INSTRUCTIONS TO FOLLOW:
In the records below, find the line containing "1950B $20 Green" and transcribe it and every line after it exactly; leave the pictures out.

RECORDS SUPPLIED:
----------

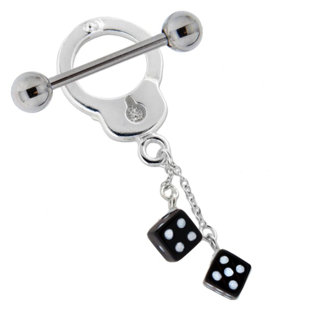 Nipple piercing sign made of 925 sterling silver with a handcuff design. The motif has a diameter of 10 mm, two small plastic cubes dangle underneath. The dice are available in several colors, click on the respective color to see the full article. A matching barbell dumbbell made of 316L surgical steel is included in delivery.
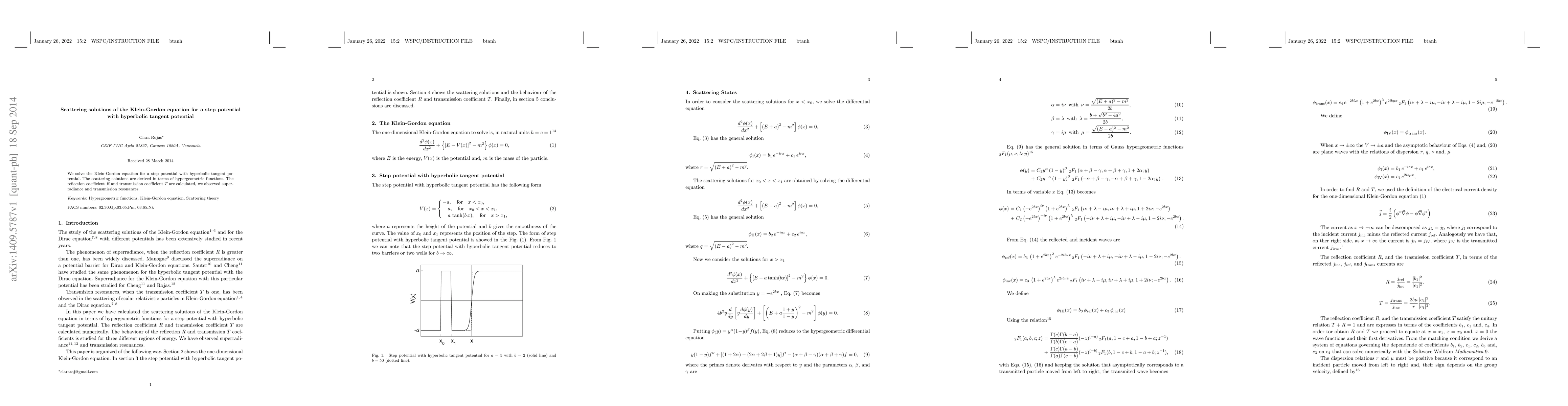 This paper derives scattering solutions for the Klein-Gordon equation in a step potential with hyperbolic tangent potential, utilizing hypergeometric functions. The study calculates reflection and transmission coefficients, revealing superradiance and transmission resonances.
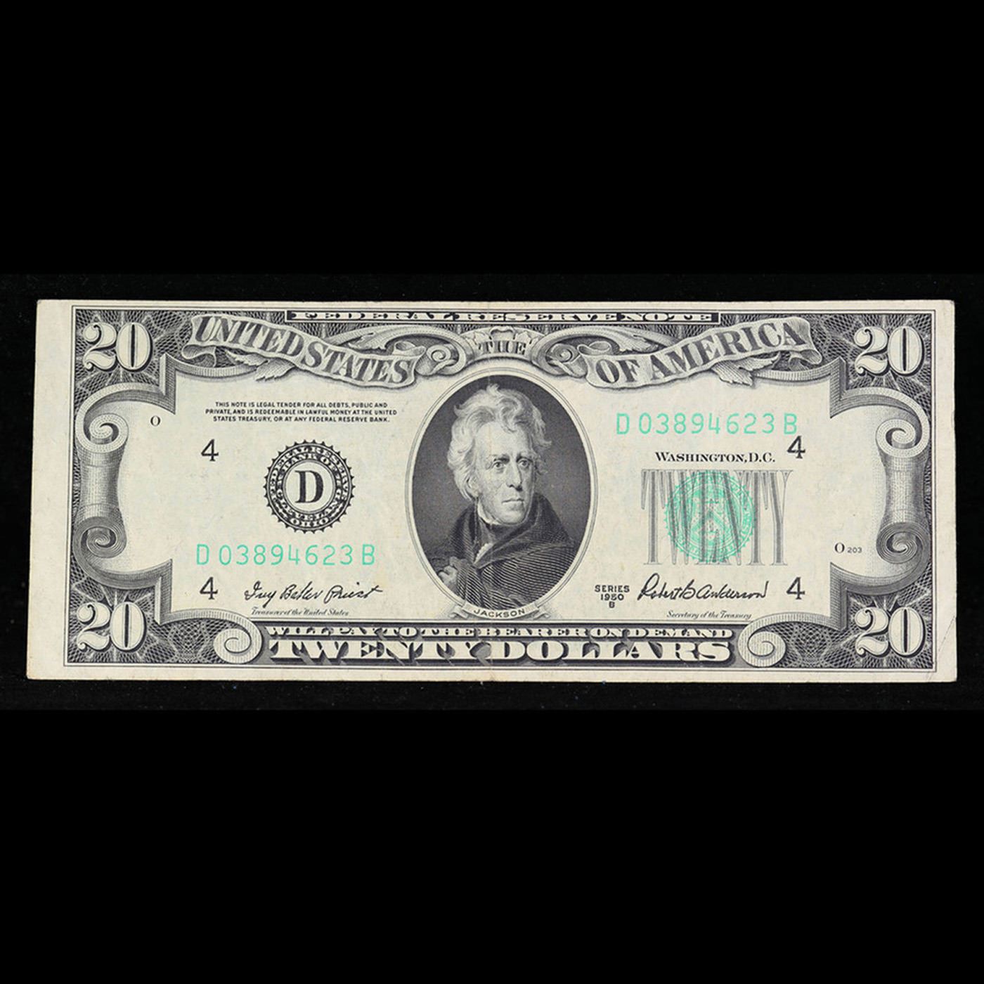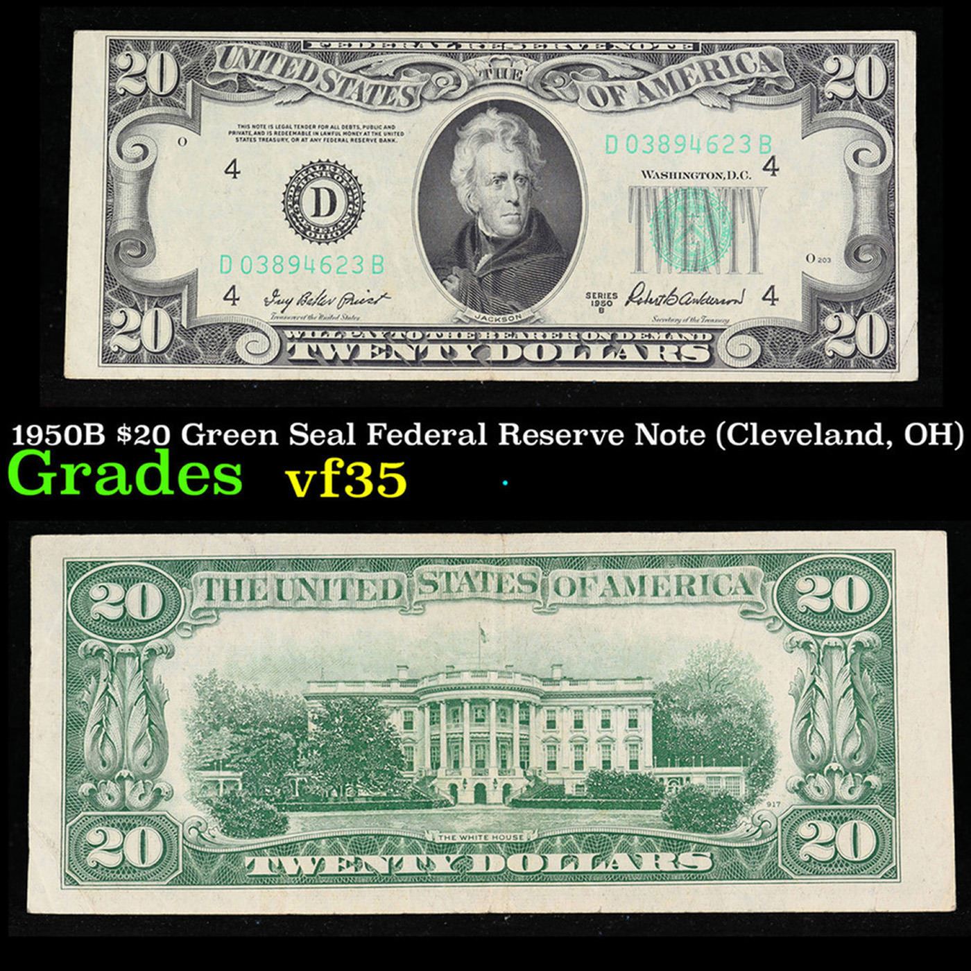 1950B $20 Green Seal Federal Reserve Note (Cleveland, OH) Grades vf++
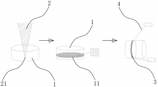本發明公開了一種大尺寸金剛石的切割方法,包括有以下步驟:S1、在金剛石上選定需要切割的分離面;S2、激光的入射方向與分離面處于非平行狀態,將激光的焦點聚焦在分離面上;S3、僅將分離面上的金剛石進行石墨化形成石墨層,激光焦點在加工范圍內進行非完全石墨化,單位空間內的晶體石墨化比例介于20%到95%之間;S4、用線鋸對石墨層進行切割,將金剛石從分離面處分離。在本申請中并不采用激光直接進行切割方式,而是對激光在加熱金剛石過程中能夠形成石墨層的方式進行利用,通過線切割的方式能夠將石墨層進行切割,提高了加工效率。
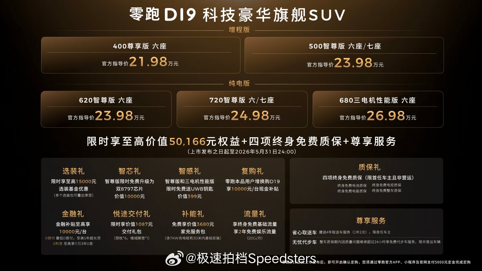 21.98-26.98 万元的零跑 D19 是零跑品牌在国内售价最高的车型,之前一直主打性价比车型的零跑,开始冲击 20w 级别价格区间市场,大家觉得还能延续之前零跑的火爆销量么?零跑d19满配豪华上市21.98万起
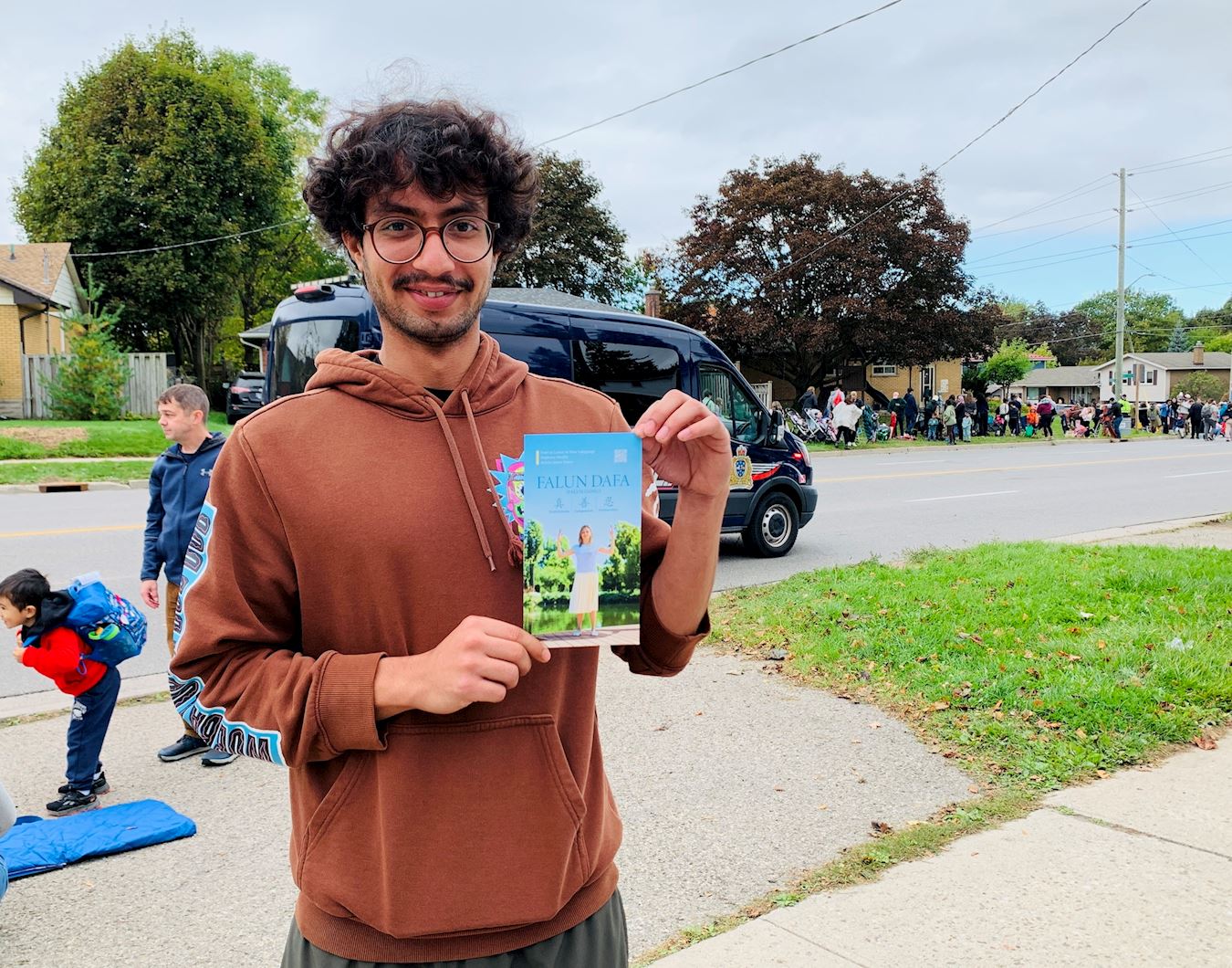 托尼(Tony)是当地的居民,他和家人一起来观看感恩节游行,当天国乐团的队伍经过时,他们一家人都为其鼓掌。托尼表示:“这个乐团太棒了!毫无疑问,排名第一,是这次游行中排名第一的乐队。”随后,学员向他介绍了这个乐团的成员都是法轮功修炼者,他便询问学员法轮功是在哪里,学员告诉他现在已洪传全世界,并向他介绍了法轮功是按“真、善、忍”修炼,还向他推荐了网上教功网站。托尼表示赞同,接过传单后,表示感谢。

----------

COMPLETED TASK:
 1950B $20 Green Seal Federal Reserve Note (Cleveland, OH) Grades vf++
本發明公開了一種大尺寸金剛石的切割方法,包括有以下步驟:S1、在金剛石上選定需要切割的分離面;S2、激光的入射方向與分離面處于非平行狀態,將激光的焦點聚焦在分離面上;S3、僅將分離面上的金剛石進行石墨化形成石墨層,激光焦點在加工范圍內進行非完全石墨化,單位空間內的晶體石墨化比例介于20%到95%之間;S4、用線鋸對石墨層進行切割,將金剛石從分離面處分離。在本申請中并不采用激光直接進行切割方式,而是對激光在加熱金剛石過程中能夠形成石墨層的方式進行利用,通過線切割的方式能夠將石墨層進行切割,提高了加工效率。
 21.98-26.98 万元的零跑 D19 是零跑品牌在国内售价最高的车型,之前一直主打性价比车型的零跑,开始冲击 20w 级别价格区间市场,大家觉得还能延续之前零跑的火爆销量么?零跑d19满配豪华上市21.98万起
 托尼(Tony)是当地的居民,他和家人一起来观看感恩节游行,当天国乐团的队伍经过时,他们一家人都为其鼓掌。托尼表示:“这个乐团太棒了!毫无疑问,排名第一,是这次游行中排名第一的乐队。”随后,学员向他介绍了这个乐团的成员都是法轮功修炼者,他便询问学员法轮功是在哪里,学员告诉他现在已洪传全世界,并向他介绍了法轮功是按“真、善、忍”修炼,还向他推荐了网上教功网站。托尼表示赞同,接过传单后,表示感谢。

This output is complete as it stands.